Another example is the regularl uncoordinated pentesting activity, if it’s known that pentester is working on some network without proper communication, alerts could be loosly analyzed due to a previous knowledge of some sort of activity is going on in the network. Applying this to availability bias to above alert list, many log4j scanning alert may be skipped thinking that it’s the scheduled scan.
The same though process during alert selection repeated again during the first 10 seconds of the drill down. More difficult time expensive choices an analyst has to select.
Asking the right question
Analyst has to actively think about right question to be asked, knowing why/how the answer will help to ask the next question, and how all questions may lead to answering a hypothesis in mind. Senior analyst will have more hypotheses than junior analysts. The more hypotheses are generated the more questions will be asked. Prioritizing the list of hypotheses and the related question is what is so called good analysis choices.
Chris Sanders research CREATIVE CHOICES: DEVELOPING A THEORY OF DIVERGENCE, CONVERGENCE, AND INTUITION IN SECURITY ANALYSTS tries to understand how SOC analyst generate hypotheses and ask the related investigative questions.
It’s suffice to say the well known phrase in analysis Correlation does not imply causation. Each move and conclusion should be built on a strong foundation of evidence that are derived by applying rules of logic. Cause-and-effect relationships plays a big role in analysis, experience in IT and and the network being protected.

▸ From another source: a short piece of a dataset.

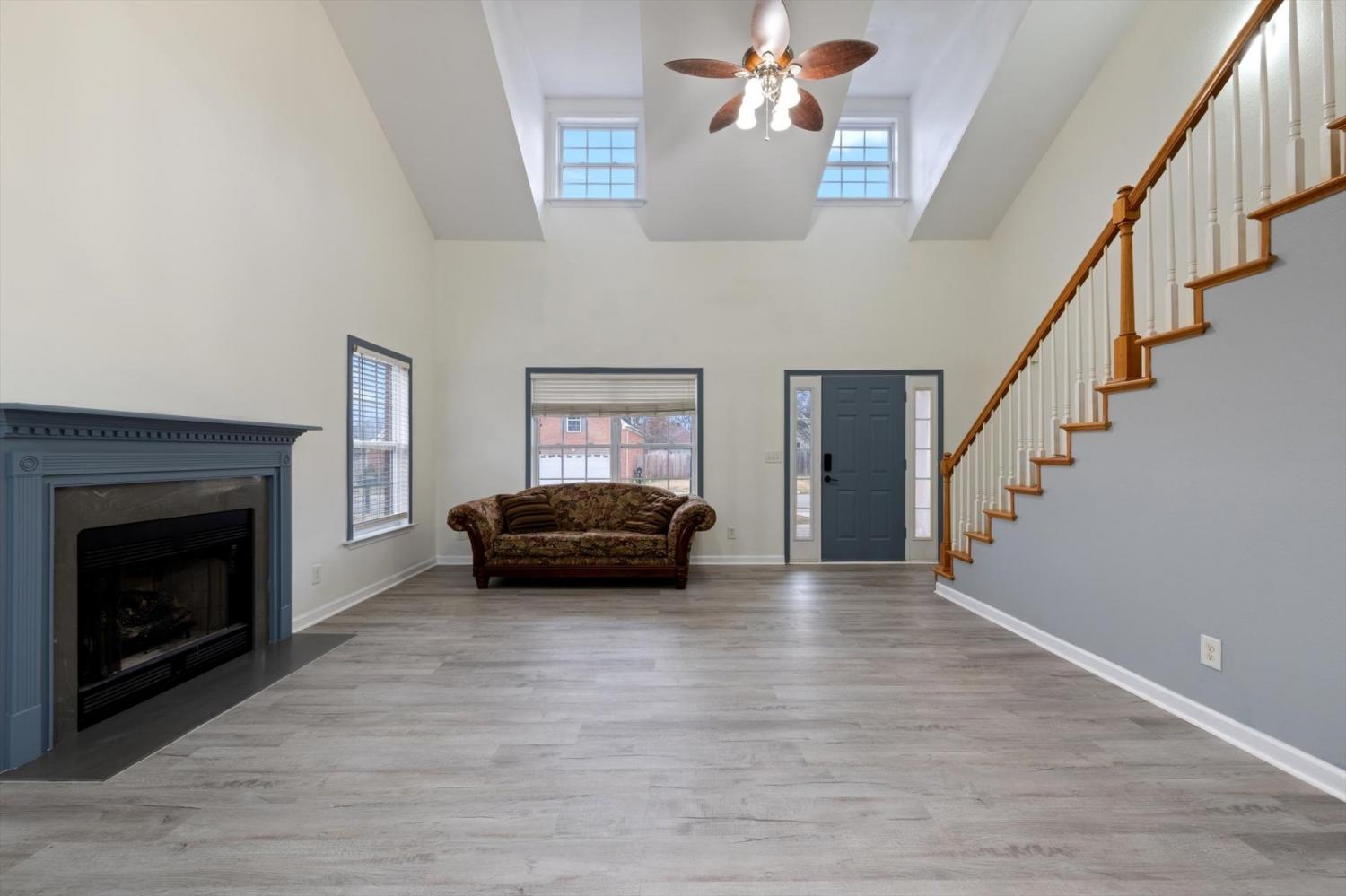 Beautiful 3 BR, 2.5 BA home tucked away on a quiet cul-de-sac in an all-brick community with sidewalks. Step inside to a stunning two-story great room filled with natural light and a cozy gas fireplace. The main-level primary suite offers comfort and convenience, while fresh paint and new LVP flooring flow throughout. Upstairs features nice-sized secondary bedrooms, a spacious bonus room, and a loft area—perfect for work or play. Enjoy outdoor living on the covered front porch or back patio overlooking the privacy-fenced yard. HOA maintains the lawn and landscaping, and the location is ideal—close to schools, medical facilities, and shopping.

Trying to prove the impossible
A fundamental question to consider during any investigation is whether we need to prove or disprove a hypothesis. Knowing which option to choose can save a lot of time, and in some cases, proving a hypothesis may be impossible. Security systems are made up of layers of abstraction that can be leveraged to facilitate investigation. Breaking down the situation into smaller areas with relationships and illuminating the relationships between those areas by asking the right questions can help disprove hypotheses or establish a relationship to a particular scenario. For example, in our dashboard, if the logs are not clear about why procdump64.exe is used, an analyst may think that they need to prove that credential dumping occurred in the system and find evidence to support this. However, it may be easier to find evidence about why procdump64.exe was used instead.
Anchoring and confirmation bias
During analysis, it’s very hard to avoid the temptation to go in a new investigation path as new information are available. Analyst For example may think communication over port 4444 in Repeated IPS hits for same IP Address alert is metasploit where it’s not necessarily the case. Avoiding the new investigative paths is important, whenever a new path is to be considered for analysis, the cost of going into the analysis in terms of time, and whether the overall hypothesis put is contributing in solving the case.
Good analyst should have clear thinking that is reflected on writing. The Ability to accurately write about the events timeline crucial. Analysts sometimes make the mistake to write content to prove their sophistication and deep analysis where it should have been an easy to write an actionable instructions only. in addition recommendations must be reasonably selected.